As much as we hate to start our sentences with "as so-and-so said," we're breaking our rule here because this one is just too good. Here we go.
As scholar Marjorie Garber points out, all you have to do to see why Paris (the guy who wears down Juliet's dad until he agrees to let him marry Juliet) is such a good foil for Romeo – and why Juliet chose Romeo over him – is to contrast what Paris and Romeo each say outside Juliet's grave.
PARIS
The obsequies that I for thee will keep
Nightly shall be to strew thy grave and weep. (5.3.2)
Paris's language says: "I'm a stiff and lacking in passion." There's no way that Paris would die for Juliet. He'll probably make other marriage plans as soon as the appropriate mourning time has passed.
ROMEO
The time and my intents are savage-wild
More fierce and more inexorable far
Than empty tigers or the roaring sea. (5.3.1)
Romeo, in contrast, is furious over Juliet's death, and eloquent in his fury. He won't drip a few tears on Juliet's grave and then go home to bed. Unlike Paris, this guy is a passionate lover.
An actor can make Paris seem like a total jerk, or like a sympathetic nice guy who happened to get caught in somebody else's love story. In Baz Luhrmann's 1996 film Romeo + Juliet, Paul Rudd plays Paris as a handsome but undeniably dorky guy. His dance with Juliet at the Capulet ball is very awkward – he starts swing dancing a little – and Juliet keeps looking at Romeo and making "this is awkward" faces. (We should point out that in Shakespeare's text, Paris doesn't actually show up to the Capulet ball as expected.) Check out Paul Rudd ham it up as Paris in this clip of the costume ball scene.

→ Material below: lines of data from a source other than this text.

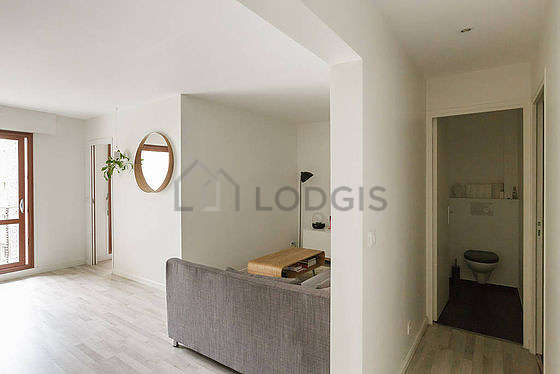 Questo appartamento é composto di un superbo salone con del parquet al suolo e delle finestras anti-rumore. Questo salone molto calmo é ammobiliato e equipaggiato per rendere il tuo soggiorno piacevole : televisione, divano, 1 poltrona (e), 1 sedia (e), bar, tv stand, mirror, carpet, vase.
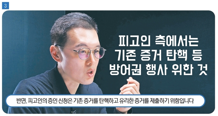 곽변: 반면 피고인 측의 증인 신청은 성격이 다소 다릅니다. 이미 제출된 증거를 탄핵하거나, 새로운 사실관계를 드러내기 위한 목적이 중심이 됩니다. 예를 들어 특정 행위의 존재 여부가 쟁점이 되는 사건에서는 당시 상황을 목격한 사람을 증인으로 신청해 사실관계를 다투는 방식이 사용됩니다. 이는 형사 재판에서 보장된 방어권의 일환으로 볼 수 있습니다.
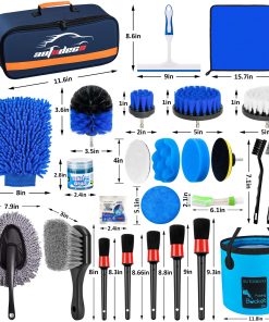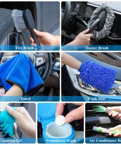 Este completo juego de detallado para automóviles incluye casi todo lo necesario para el lavado, limpieza y detallado completo del automóvil. El trapeador de lavado para automóviles con 4 varillas de aluminio resistentes y cabeza de trapeador giratoria de 180 grados es ideal para limpiar fácilmente áreas de difícil acceso. 4 tamaños diferentes de cepillos eléctricos para taladro y varias almohadillas de pulido para limpiar, encerar y pulir las superficies exteriores e interiores de su automóvil. 5 cepillos para detallado y otros tipos de cepillos cubren todas sus necesidades de limpieza o detallado de su automóvil. Los materiales premium de las herramientas de limpieza para automóviles están hechos de materiales suaves y duraderos que no perderán pelusa ni dejarán marcas en la superficie del automóvil. El guante de lavado impermeable y espacioso ayuda a proteger su mano y reducir el daño a su piel. El cubo plegable de 5 galones puede satisfacer el lavado de autos en cualquier lugar. Los cepillos para neumáticos con cerdas suaves y densas limpian la suciedad sin dañar la superficie. El gel de limpieza para automóviles recolecta fácilmente la suciedad de las hendiduras. Adecuado tanto para la limpieza exterior como interior del automóvil, limpieza de neumáticos de automóviles, pulido y encerado de automóviles, limpieza de la cocina doméstica u oficina, etc. Perfecto para lavar automóviles, motocicletas, camiones, vehículos recreativos o remolques, así como para limpiar ventanas de casa, cristales, espejos y muebles. Este juego de lavado de autos viene con casi todo lo que necesita para lavar y limpiar su automóvil. Puede ser regalado a familiares y amigos en el Día de San Valentín, Navidad y otras ocasiones especiales.
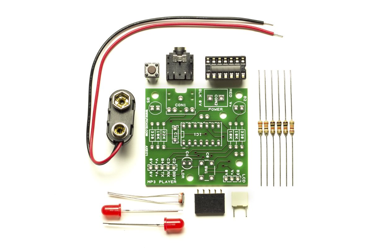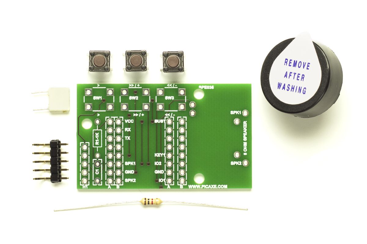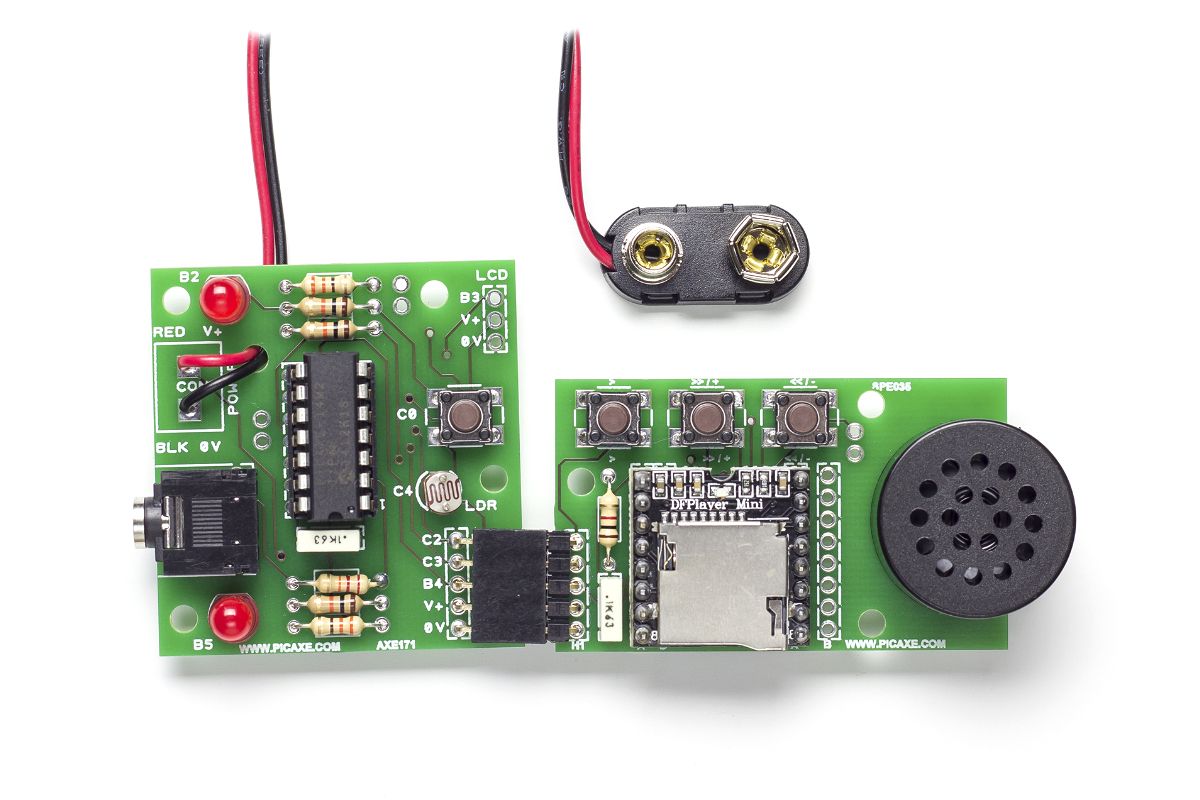 The optional PICAXE-14M2 board is a self assembly project kit that links directly to the MP3 board and enables the playback of multiple music/speech and MIDI MP3 files via a PICAXE-14M2 chip, so is ideal for rapid prototyping.
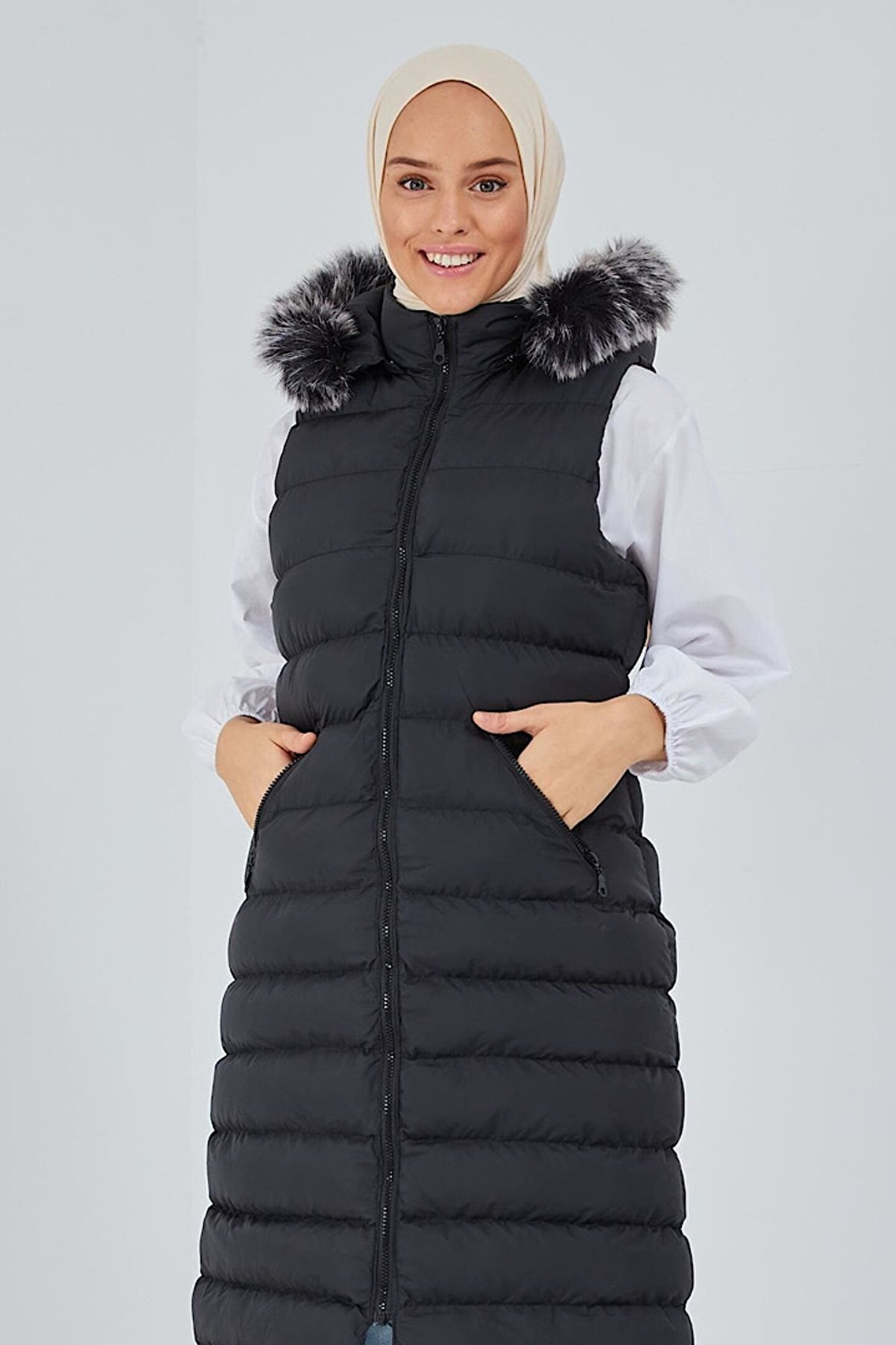 Kadın Kapüşon Ve Fermuar Detay Welsoft Kolsuz Yelek
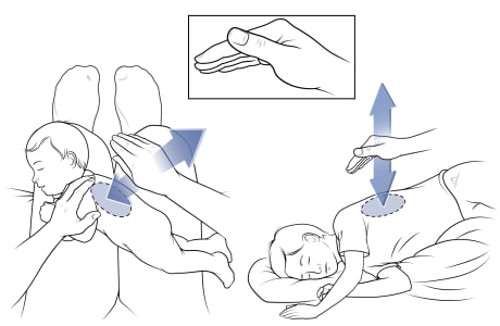 For infants: Lean back slightly (about 30 degrees) while resting your child's back on your chest. Hold your child around the waist with one arm to keep them steady. With the other arm, gently clap between the collarbone and nipple. Clap for 1 to 3 minutes. Repeat on the other side of the chest.
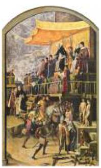 «Святий Домінік головує над Auto-da-fe» (оголошення вироку інквізиції), художник Педро Берругете, кінець XV ст.
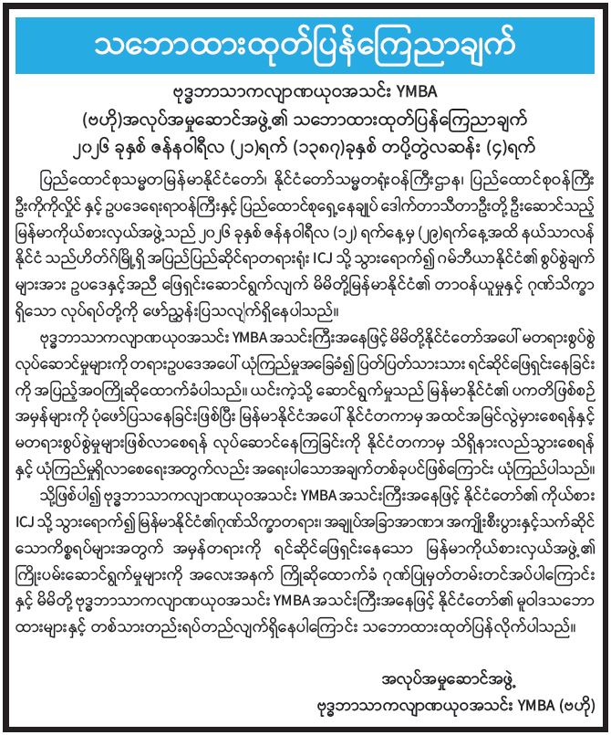 ဗုဒ္ဓဘာသာကလျာဏယုဝအသင်း YMBA (ဗဟို)အလုပ်အမှုဆောင်အဖွဲ့၏ သဘောထားထုတ်ပြန်ကြေညာချက်

Paris's dialogue with Juliet in Friar Laurence's church can make him seem either a little clueless or a complete fool. Paris thinks Juliet is upset over Tybalt's death – he has no idea that she's already married to Romeo and that the prospect of marrying him makes her physically ill. It's easy to make some of Paris's lines seem overbearing and arrogant. He greets her with total confidence, "Happily met, my lady and my wife," he calls to her (4.1.3). Juliet and the audience cringe at this, but Paris keeps going. "Do not deny to him that you love me," Paris tells her (4.1.6). Later, when he looks at Juliet more closely, he tells her, "Poor soul, thy face is much abused with tears" (4.1.8). When she tells him that her face was bad enough to begin with, he reprimands her, "Thy face is mine, and thou hast slandered it," which hints at Paris's sense of ownership toward his fiancée (4.1.10). All of these lines together can make Paris come off as a spoiled boy who is used to getting everything he wants. His possessive attitude towards Juliet – especially laying claim to her face as his own – could come across as creepy and chauvinistic. It can seem like he's treating Juliet like another piece of property rather than a person.
But these same lines can also be spoken as very earnest and well-meaning. Paris, after all, has no reason to believe that Juliet doesn't love him and isn't excited about their marriage. This is the impression that he gets from Juliet's parents, after all. In this interpretation, Paris's confidence in their marriage comes across as pathetic rather than obnoxious. Either way, though, the "holy kiss" that Paris gives Juliet at the end of the scene is painful for everybody. It's so formal and stiff – a complete contrast to Romeo's kisses.